*** GIVEN RECORDS Section Begins ***

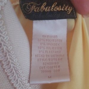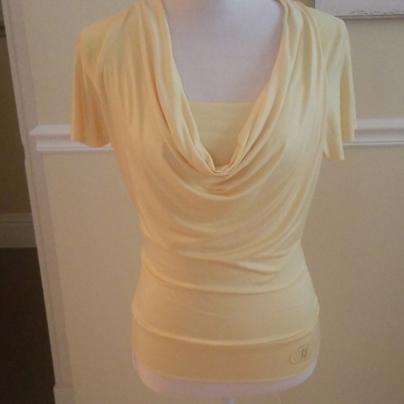 Soft yellow top. Draped front with second layer underneath. Capped short sleeves.form fitting.
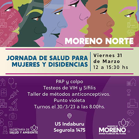 El Municipio de Moreno, a través de la Secretaría de Salud y Ambiente llevará a cabo este viernes 31 de marzo de 12 a 15.30 horas una jornada integral de salud para mujeres y disidencias en la Unidad Sanitaria Indaburu, ubicada en Segurola 1475, en la localidad de Moreno Norte.
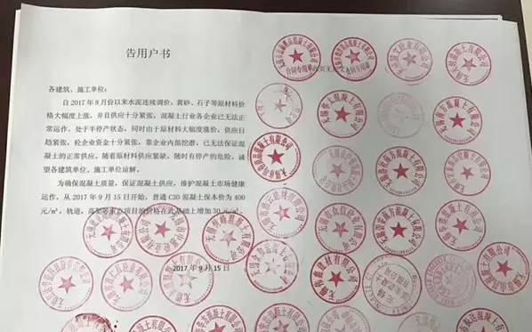 告用戶書表示,自2017年9月份以來,水泥連續(xù)系調價,黃砂、石子等原材料價格大幅度上漲,并且供應十分緊張,混凝土行業(yè)各企業(yè)已無法正常運作,處于半停產狀態(tài),同時由于原材料大幅度漲價,供應日趨緊張,混凝土企業(yè)資金十分緊張,靠企業(yè)內部挖潛,已無法保證混凝土的正常供應。隨著原材料供應緊缺,隨時有停產的危險,希望各建筑、施工單位諒解。
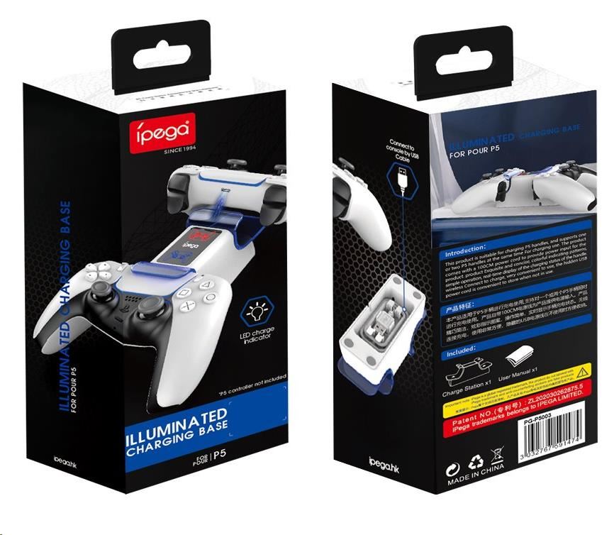 iPega P5003 pro nabíjení až dvou gamepadů pro PS5. Gamepad se jen zapojí do vestavěného konektoru a LED indikace vás informuje o stavu nabití.
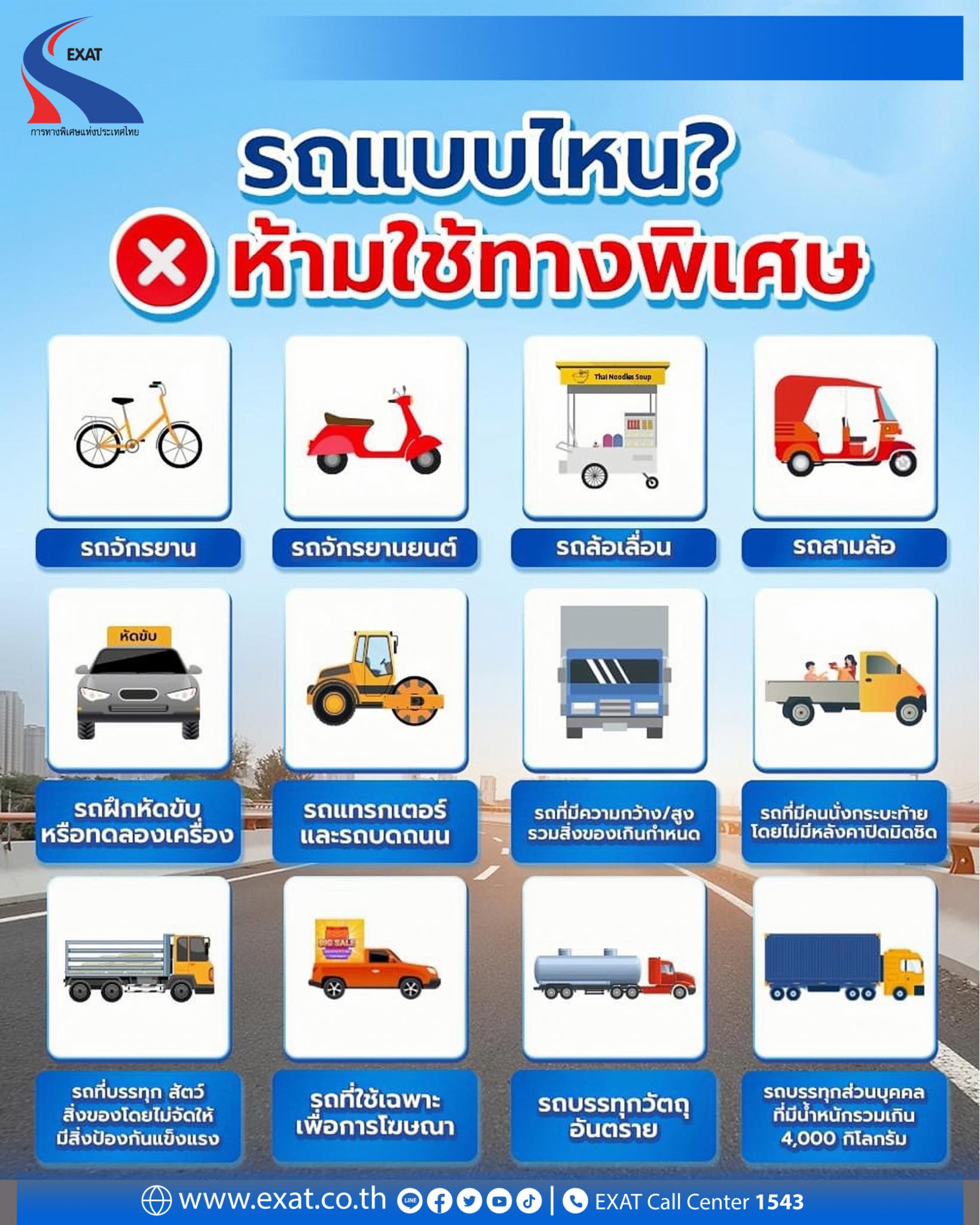 การทางพิเศษแห่งประเทศไทย แนะนำรถแบบไหนห้ามขึ้นใช้ทางพิเศษ

*** GIVEN RECORDS Section Ends ***

_TASK DIRECTIONS:_ Take every entry above and transcribe it exactly, with no pictures in the copy.

_EXERCISE SOLUTION:_
 Soft yellow top. Draped front with second layer underneath. Capped short sleeves.form fitting.
 El Municipio de Moreno, a través de la Secretaría de Salud y Ambiente llevará a cabo este viernes 31 de marzo de 12 a 15.30 horas una jornada integral de salud para mujeres y disidencias en la Unidad Sanitaria Indaburu, ubicada en Segurola 1475, en la localidad de Moreno Norte.
 告用戶書表示,自2017年9月份以來,水泥連續(xù)系調價,黃砂、石子等原材料價格大幅度上漲,并且供應十分緊張,混凝土行業(yè)各企業(yè)已無法正常運作,處于半停產狀態(tài),同時由于原材料大幅度漲價,供應日趨緊張,混凝土企業(yè)資金十分緊張,靠企業(yè)內部挖潛,已無法保證混凝土的正常供應。隨著原材料供應緊缺,隨時有停產的危險,希望各建筑、施工單位諒解。
 iPega P5003 pro nabíjení až dvou gamepadů pro PS5. Gamepad se jen zapojí do vestavěného konektoru a LED indikace vás informuje o stavu nabití.
 การทางพิเศษแห่งประเทศไทย แนะนำรถแบบไหนห้ามขึ้นใช้ทางพิเศษ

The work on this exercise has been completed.